The first algorithm is based on dynamic programming. The second and the
third algorithms are based on diagonal wise dynamic programming in which
the Longest common extension (LCE) should be computed. The second
algorithm calculates LCE using naive method O(m) and the third one
calculates it using suffix trees in O(1). In this work we simulated the
third algorithm to get the LCE in constant time. Then we use two
artificial examples to see the output of the algorithms as well as
comparing three algorithms in terms of average running time.

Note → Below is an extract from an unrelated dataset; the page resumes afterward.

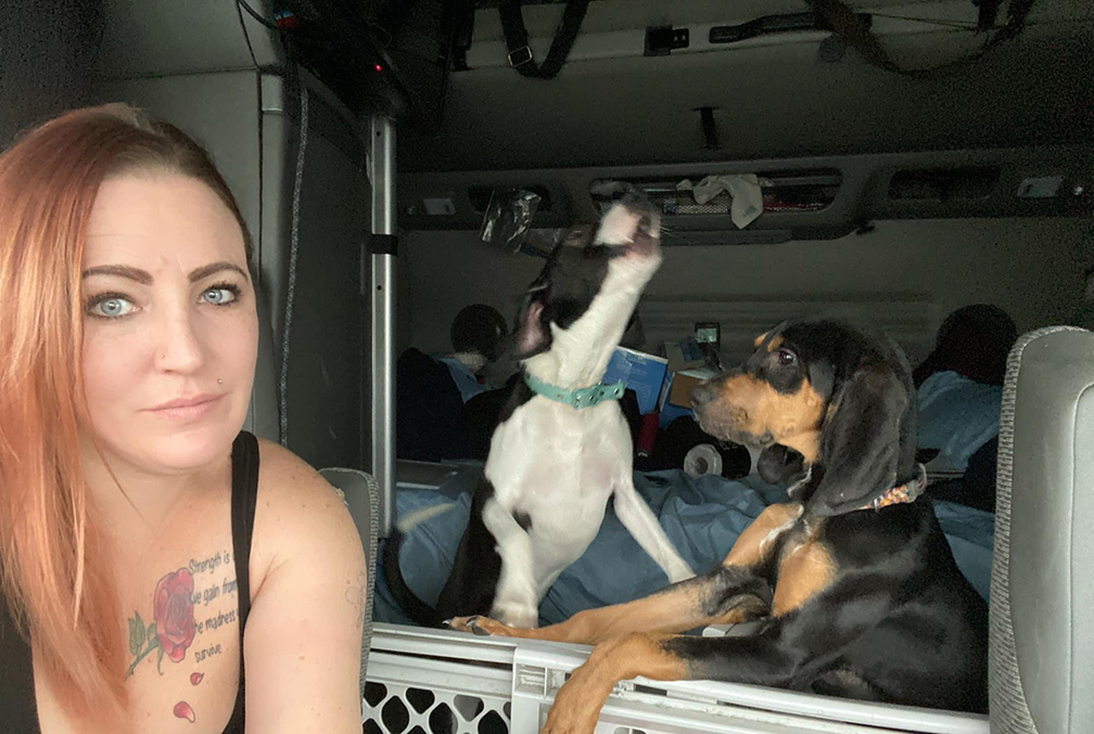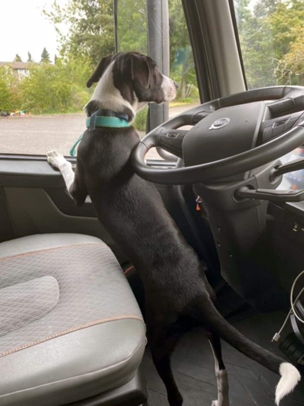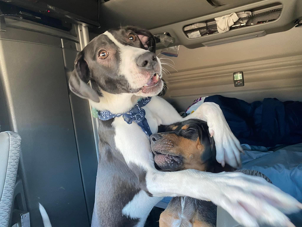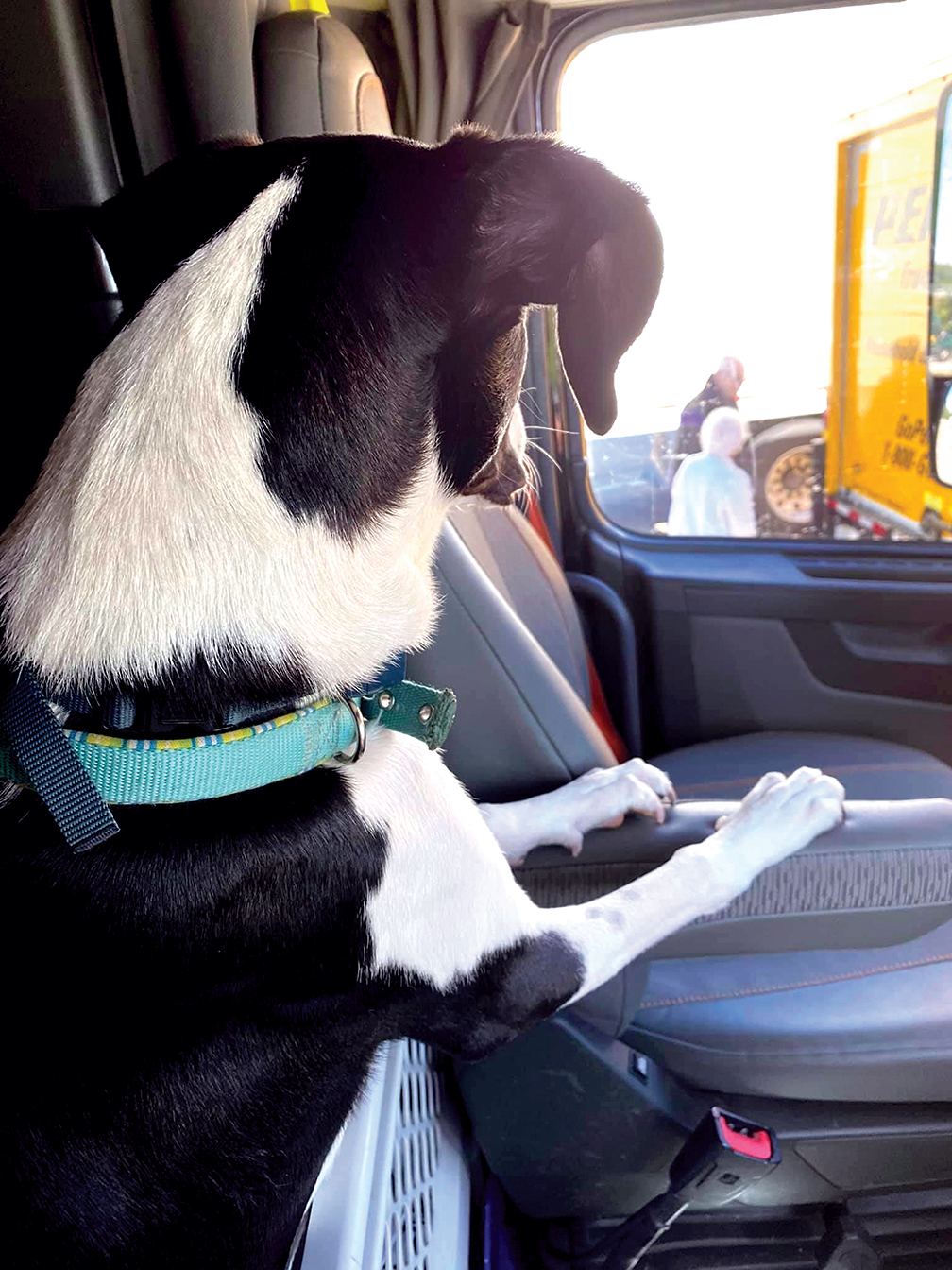 Dog parents, much like parents of humans, have to have a certain set of survival skills, such as a sense of humor, a massive amount of patience, and excellent problem-solving abilities. In the cab of a truck — Eyler drives a 2021 Volvo VNL860, coast-to-coast – these skills are even more in demand.
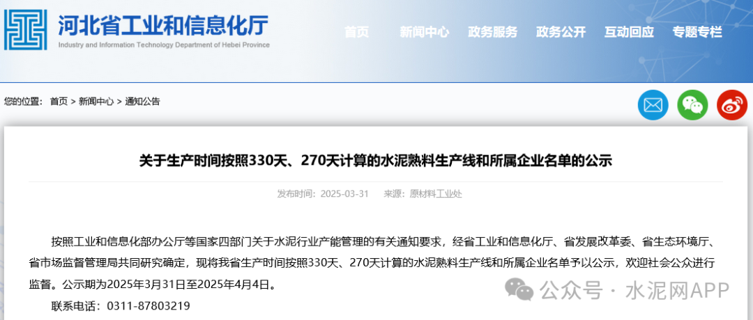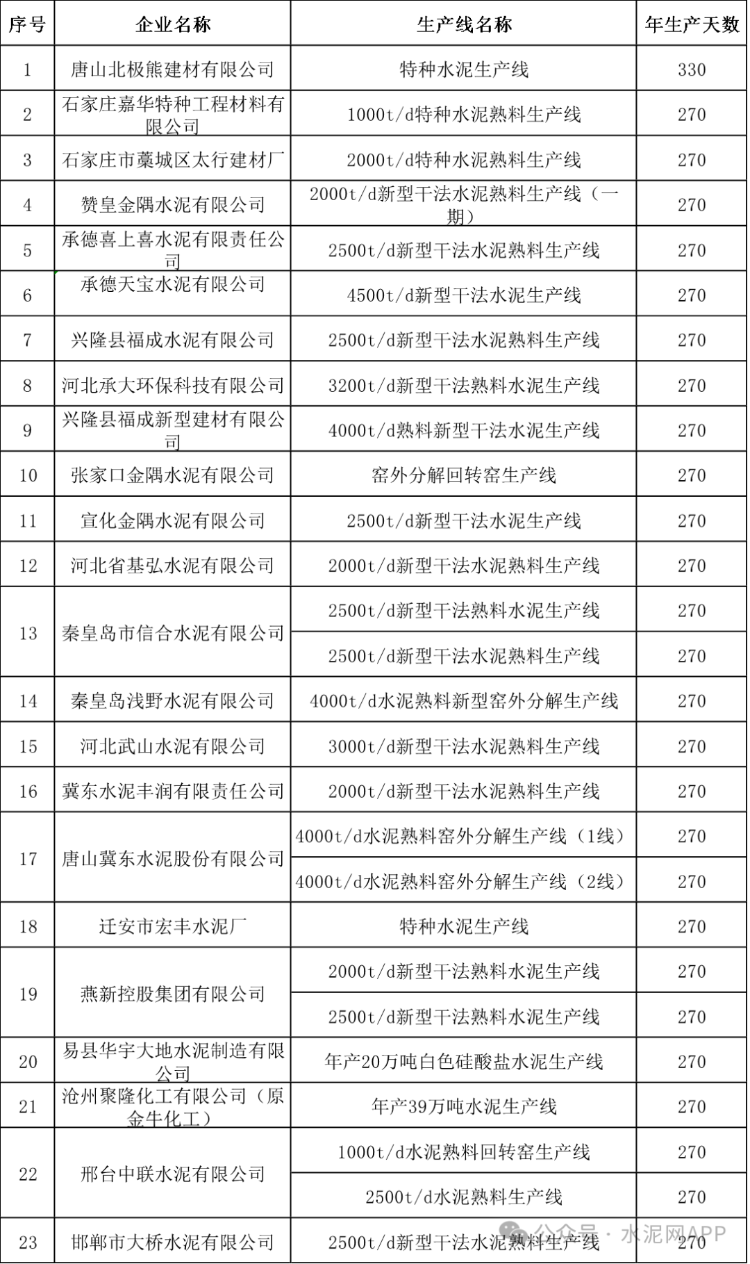 近日,河北省工信廳發(fā)布“關(guān)于生產(chǎn)時(shí)間按照330天、270天計(jì)算的水泥熟料生產(chǎn)線和所屬企業(yè)名單的公示”稱,按照工業(yè)和信息化部辦公廳等國(guó)家四部門關(guān)于水泥行業(yè)產(chǎn)能管理的有關(guān)通知要求,經(jīng)省工業(yè)和信息化廳、省發(fā)展改革委、省生態(tài)環(huán)境廳、省市場(chǎng)監(jiān)督管理局共同研究確定,現(xiàn)將河北省生產(chǎn)時(shí)間按照330天、270天計(jì)算的水泥熟料生產(chǎn)線和所屬企業(yè)名單予以公示。內(nèi)容顯示,1家水泥企業(yè)生產(chǎn)時(shí)間按照330天計(jì)算,22家企業(yè)按照270天計(jì)算。(據(jù)了解,按照最新版水泥行業(yè)產(chǎn)能置換實(shí)施辦法,水泥年產(chǎn)能天數(shù)按照300天計(jì)算。)

"Efficient Alignment of three sequences"
Balasingham Balamohan
Abstract : Sequence alignment is an important problem in bioinformatics.
In this talk, I present an efficient algorithm I developed
 to align three sequences for a restricted class of cost matrices
 under the sum of pair distance model. 

"Comparison Between MUSCLE and HMMer"
Erico Neves
Abstract:
Evaluation of tools to execute multiple alignment is a very important
issue. Two known classes of multiple alignment algorithms are iterative 
and probabilistic. One known iterative algorithm is MUSCLE, and one
probabilistic algorithm is HMM. In other papers, only MUSCLE was evaluated
in relation to other algorithms, but HMM tools still miss comparison tests. 
The comparison was done using a standard database known as BAliBASE.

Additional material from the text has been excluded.